Friday, April 20, 2012
What Is Truth?
Then they led Jesus from the house of Caiaphas to the governor's headquarters. It was early morning. They themselves did not enter the governor's headquarters, so that they would not be defiled, but could eat the Passover. So Pilate went outside to them and said, “What accusation do you bring against this man?” They answered him, “If this man were not doing evil, we would not have delivered him over to you.” Pilate said to them, “Take him yourselves and judge him by your own law.” The Jews said to him, “It is not lawful for us to put anyone to death.” This was to fulfill the word that Jesus had spoken to show by what kind of death he was going to die. So Pilate entered his headquarters again and called Jesus and said to him, “Are you the King of the Jews?” Jesus answered, “Do you say this of your own accord, or did others say it to you about me?” Pilate answered, “Am I a Jew? Your own nation and the chief priests have delivered you over to me. What have you done?” Jesus answered, “My kingdom is not of this world. If my kingdom were of this world, my servants would have been fighting, that I might not be delivered over to the Jews. But my kingdom is not from the world.” Then Pilate said to him, “So you are a king?” Jesus answered, “You say that I am a king. For this purpose I was born and for this purpose I have come into the world—to bear witness to the truth. Everyone who is of the truth listens to my voice.” Pilate said to him, “What is truth?” After he had said this, he went back outside to the Jews and told them, “I find no guilt in him. (John 18:28-38 ESV).

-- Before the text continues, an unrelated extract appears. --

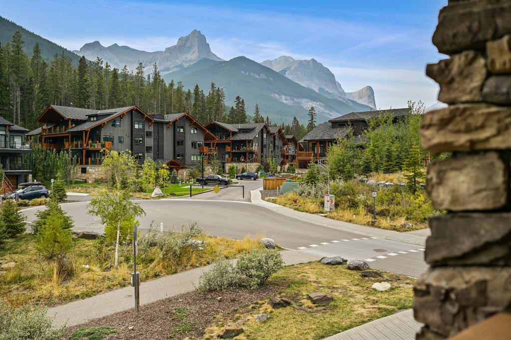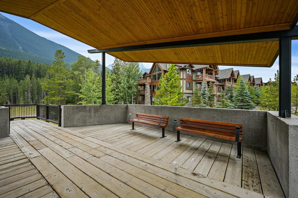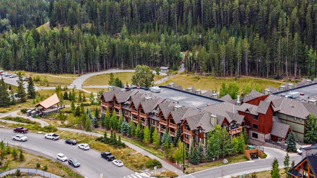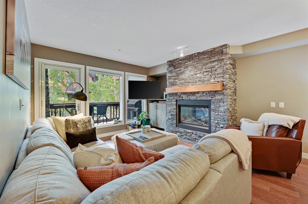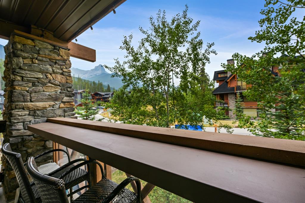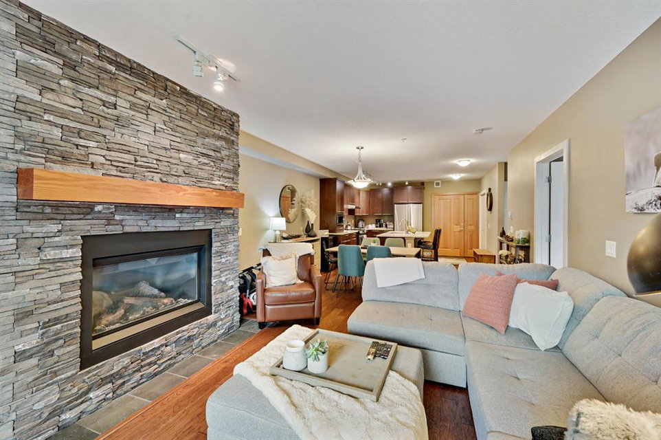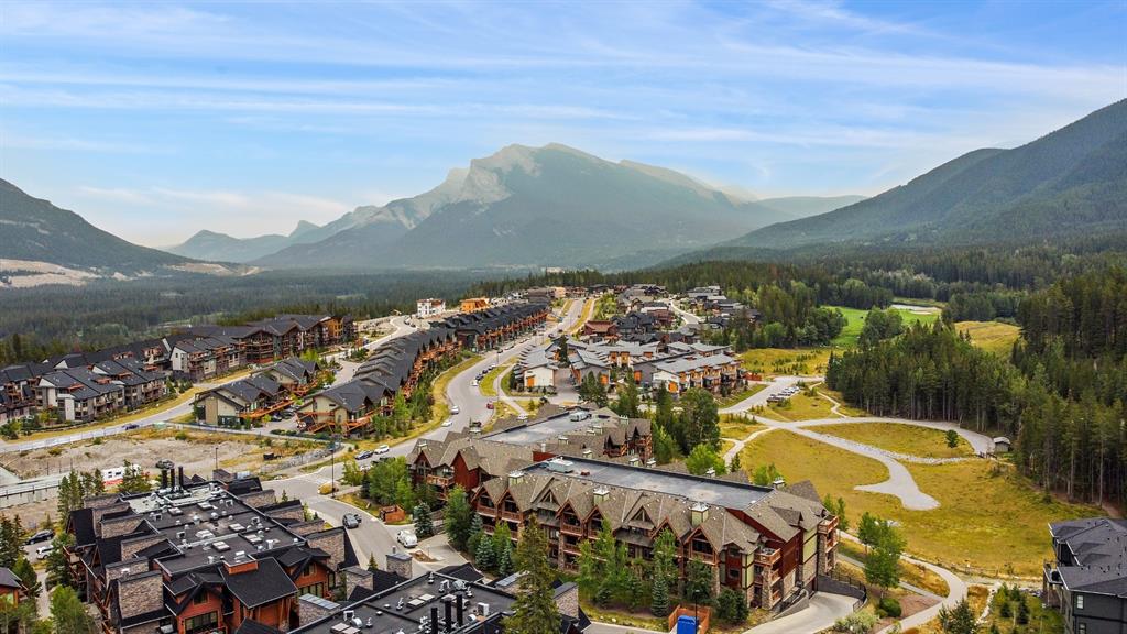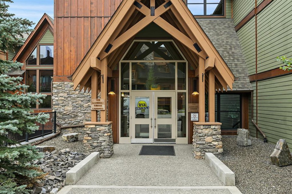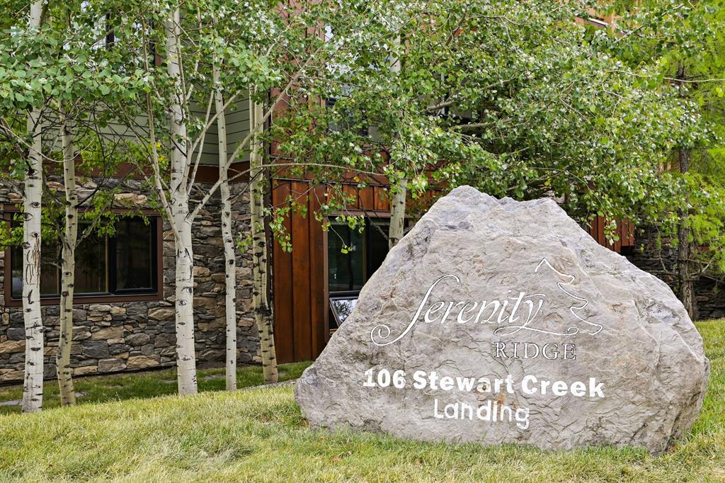 Here’s the one you have been waiting for! Spacious open concept condo in desirable Serenity Ridge with TWO balconies and stunning 180 degree mountain views! As you enter you will notice the gleaming hardwood flooring and the high quality of workmanship and attention to detail. Chef’s dream kitchen with espresso stained cabinetry, granite counters, upgraded stainless steel appliances, tile backsplash, and large center island with undermount sink. Open to the dining room and living room with wall to wall windows and gorgeous floor to ceiling rundle stone gas fireplace with cedar mantle. Garden door out to the large main balcony with bar ledge. Master suite with walk-in closet and full ensuite bathroom with tile flooring and 10mm glass walk in shower. Second private balcony off the master suite overlooking the forest and mountains, great spot to enjoy your morning coffee! Additional Den/2nd Bedroom with another adjoining full 4-piece bathroom and insuite laundry. All this plus convenient heated underground parking and separate storage locker! Unwind in the hot tub area or chill with friends at the outdoor firepit after an awesome day of hiking, golfing or skiing. Prime location steps from Stewart Creek Golf Club, and surrounded by parks, greenspaces, frisbee golf course, sports field, and endless pathways and mountain trails. Come enjoy all that this 3 Sisters Mountain Village community has to offer!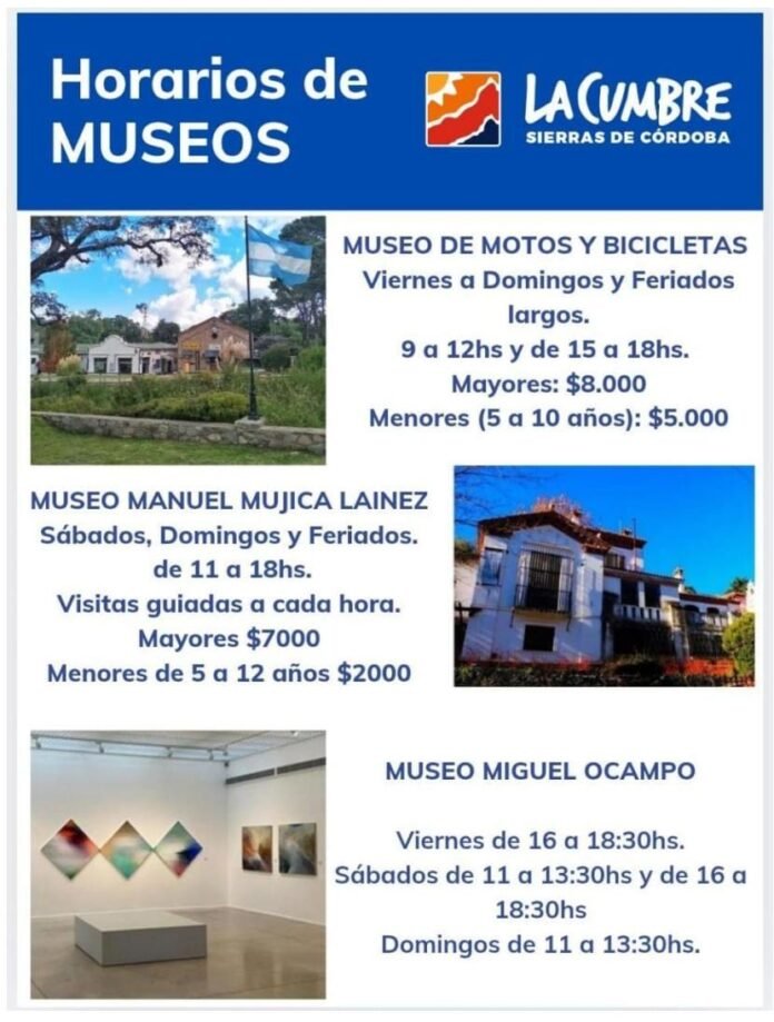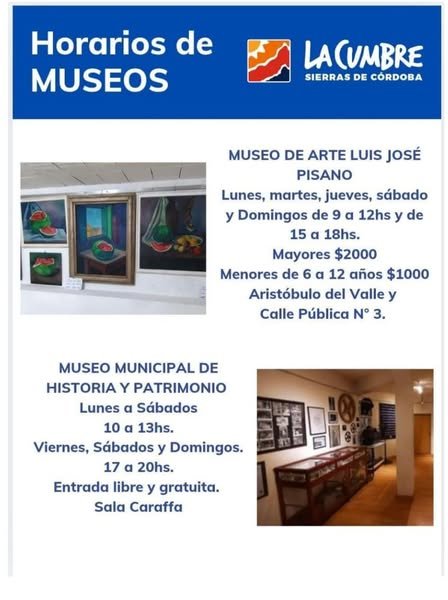 Museos de La Cumbre Qué hay para hacer Por Redacción FacebookTwitterWhatsApp Todas las actividadesQué hay para hacerMás Todo lo que hay para hacer, siempre en nuestra agenda Qué hay para hacer Algo de cine, un poco de música en vivo,... Más info Cine en Capilla del Monte: «Teléfono negro 2» Qué hay para hacer Fechas: Jueves 23 - subtitulada del viernes 24 al lunes... Más info Cine en La Nogalera: «La novicia rebelde» Qué hay para hacer Fecha: 25 de octubre Hora: 18:00 Lugar: San Martín 357 - Villa... Más info Muestra de arte en Huerta Grande: «Carbocolor» de Daniel Rivero Serradell Qué hay para hacer Duración de la muestra: hasta el 1 de noviembre Horarios De... Más info Música en La Cumbre: Martín Oliva presenta “Folclore Urbano” Qué hay para hacer Fechas: 25 de octubre Hora: 20:00 Lugar: Sala Caraffa - Tassano... Más info La Cumbre en Flor: exposición de flores en La Cumbre Qué hay para hacer Fecha: 25 de octubre Hora: 17:00 a 20:00 Lugar: Sala Caraffa... Más info Feria de artesanos, manualistas y productores en Villa Giardino Qué hay para hacer Fecha: 25 de octubre Hora: 15:00 Lugar: Plaza San Martín Más info Museo Ambato de La Falda Qué hay para hacer Viernes y sábados:10:30 a 13:30 - 15:30 a 18:30 Lugar:... Más info Cine en La Cumbre: «La odisea de los giles» Qué hay para hacer Fecha: 26 de octubre Hora: 19:00 Lugar: Microcine Sala Caraffa – Tassano 55 Entrada gratuita Más info

What’s your ambition in life? Perhaps you don’t understand the question enough to really answer it. Maybe it would be a good idea to define the word ambition in order to help you answer the question. Webster’s 9th New Collegiate Dictionary defines it this way:
“Ambition: an ardent desire for rank, fame or power; or the desire to achieve a particular end.”

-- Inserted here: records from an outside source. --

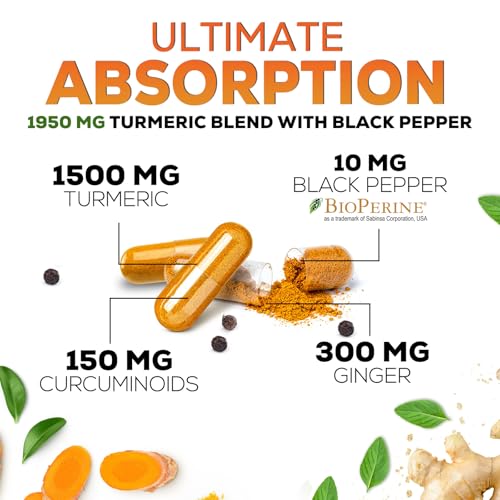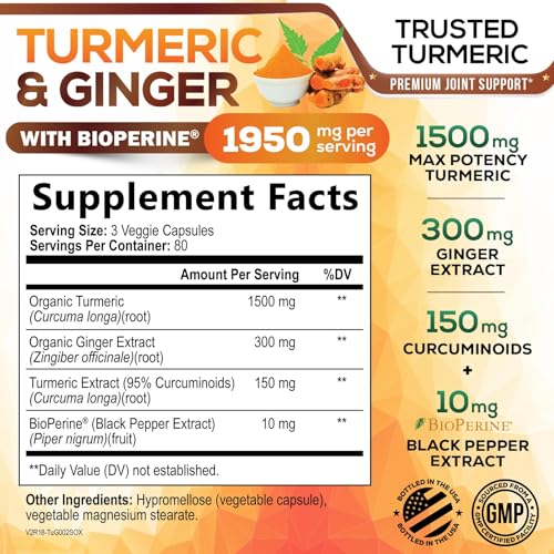 Turmeric Curcumin Supplement 1950mg - 95% Curcuminoids with Organic Turmeric & Ginger, BioPerine Black Pepper for Best Absorption, Nature's Vegan Joint Support, Non-GMO, Bottled in USA - 240 Capsules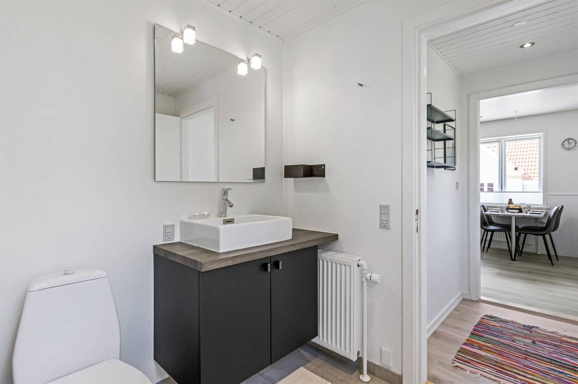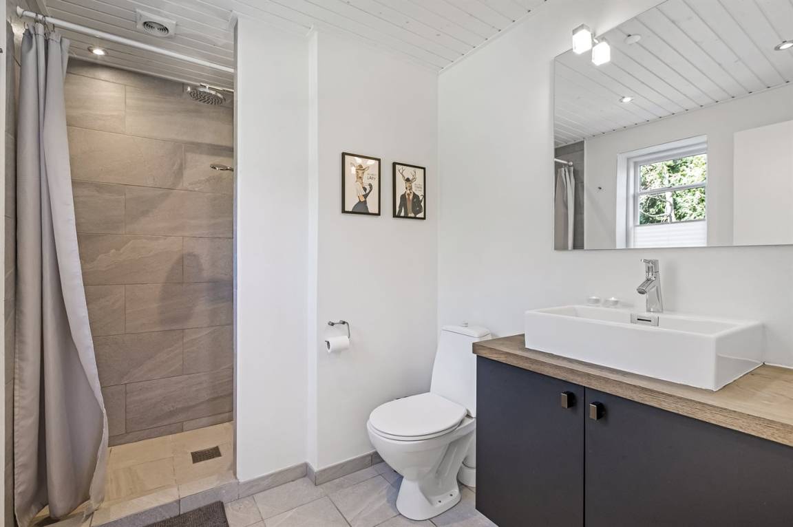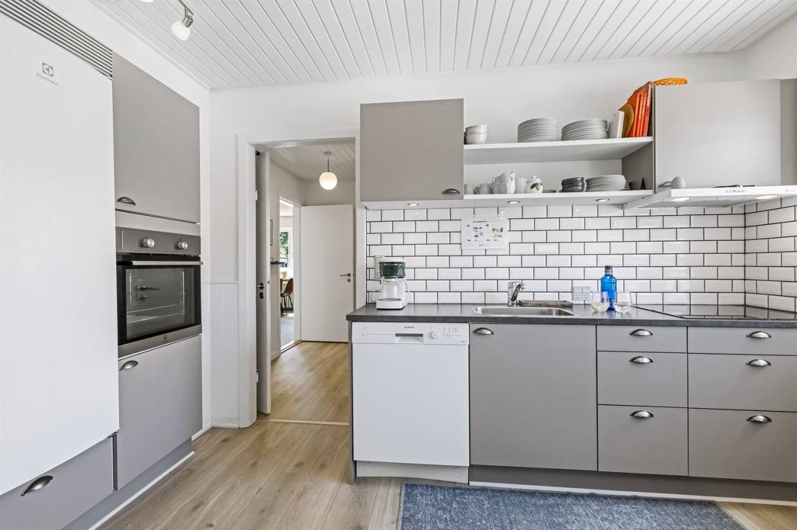 DraußenDie Ferienunterkunft liegt auf einem 670 m² großen Gartengrundstück. Die Entfernung zum Meer beträgt 5500 m. Die Entfernung zum Fjord beträgt 1500 m. Die nächste Einkaufsmöglichkeit liegt 6000 m entfernt. Es steht ein offenes Terrassenareal zur Verfügung. Parkplatz auf dem Grundstück.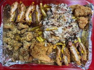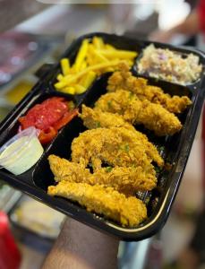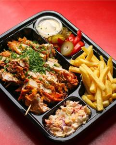 2 عددفیله 60 تا 70 گرمی، 4 عددبال سوخاری، 2 عددناگت مرغ به همراه دورچین سیب زمینی سرخ شده و سالاد و لیمو، ، بصورت پک کامل مناسب برای دو نفر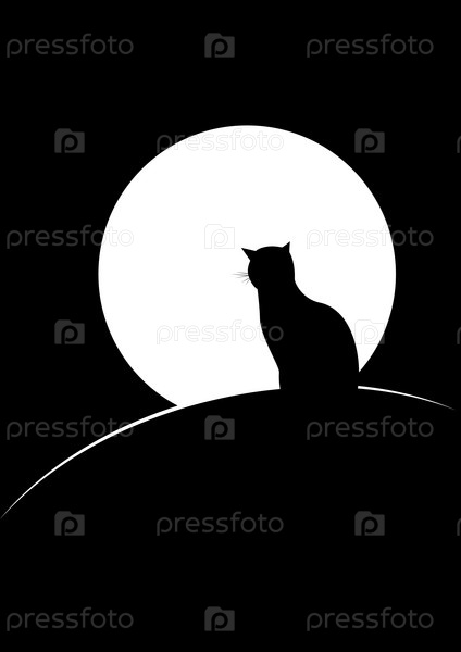 Силуэт черной кошки, смотрящей на луну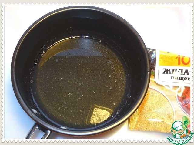 Желатин замочила в холодной воде (1:6) на 20 мин.. Я вместо воды использовала оставшуюся воду, слитую с яблок. Затем поставила желатин на небольшой огонь и разогревала помешивая, но не доводила до кипения. Влила к желатину абрикосовую смесь, немного прогрела, хорошо перемешивая.

A very short boy wanted so badly to play basketball. He even told his dad that he wanted to become a pro when he was older. Knowing that his son would never be able to play the game, the dad asked the local coach if there was anything he could recommend to make the boy taller. “You might take him down to the museum and put him on the old torture stretch rack,” the coach said. Several weeks later the coach asked the father if putting the boy on the stretch rack had helped. “Well, it didn’t make him any taller, but he confessed to several things that I never knew he’d done.” Our world is full of ambitious people. We see them in the sports world, in entertainment, politics and business. People all around us are desiring to achieve a particular end; to move up in their company, to build a retirement, to save for college, or to get that first car or home. Pilate was a very ambitious man. He wanted more than anything to impress his Roman superiors and move to a higher position in the empire. The last thing he wanted was to deal with a Jew who thought he was a king, or worse, a god! So we find this ambitious Roman leader faced with Jesus and finally he asks the only question of Him that would truly satisfy his ambitions: What is truth?

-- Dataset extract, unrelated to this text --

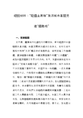 经验材料:“轮值主席制”激活城市基层党建“细胞核”.docx
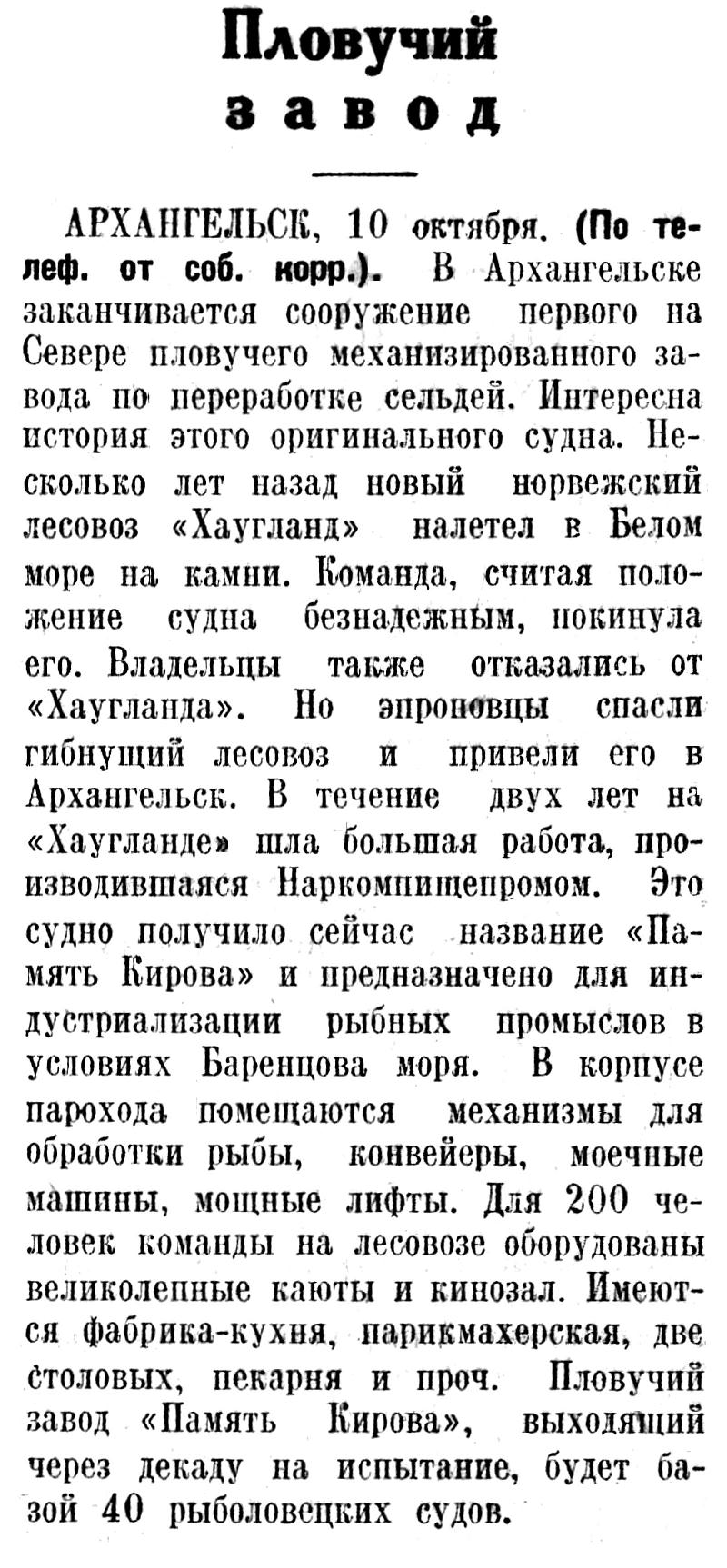 АРХАНГЕЛЬСК, 10 октября. (По телеф. от соб. корр.). В Архангельске заканчивается сооружение первого на Севере пловучего механизированного завода по переработке сельдей. Интересна история этого оригинального судна. Несколько лет назад новый норвежский лесовоз «Хаугланд» налетел в Белом море на камни. Команда, считая положение судна безнадежным, покинула его. Владельцы также отказались от «Хаугланда». Но эпроновцы спасли гибнущий лесовоз и привели его в Архангельск. В течение двух лет на «Хаугланде» шла большая работа, производившаяся Наркомпищепромом. Это судно получило сейчас название «Память Кирова» и предназначено для индустриализации рыбных промыслов в условиях Баренцова моря. В корпусе парохода помешаются механизмы для обработки рыбы, конвейеры, моечные машины, мощные лифты. Для 200 человек команды на лесовозе оборудованы великолепные каюты и кинозал. Имеются фабрика-кухня, парикмахерская, две столовых, пекарня и проч. Пловучий завод «Память Кирова», выходящий через декаду на испытание, будет базой 40 рыболовецких судов.

A great mathematician once said that he was not concerned about spiritual matters until he vividly saw life’s “two magnitudes the shortness of time and the vastness of eternity.” When this truth came home to him, he became a devoted disciple of Jesus Christ. If Pilate had considered these two realities, he would not have condemned Jesus to die on the cross. He knew that the Savior was innocent of the charged against Him. He even had an uneasy feeling that Jesus was not just an ordinary man. But his desire to keep his high government post was greater than his determination to do right. Actually, he obtained little earthly benefit from his decision. The church father Eusebius, quoting from Greek historians, said that Pilate fell out of favor with his superiors and committed suicide before AD 40—less than 10 years after his fateful decree. Since we have no indication that he ever repented of his sin and trusted Christ as his personal Savior, we must assume he died in a lost and hopeless condition. He had not reckoned with the “shortness of time and the vastness of eternity.” Ambition is not wrong. If you are willing to settle for anything less than eternal life, then you will end up like Pilate. He was a man frustrated with life and destined for failure. What is truth? Only Jesus is the truth.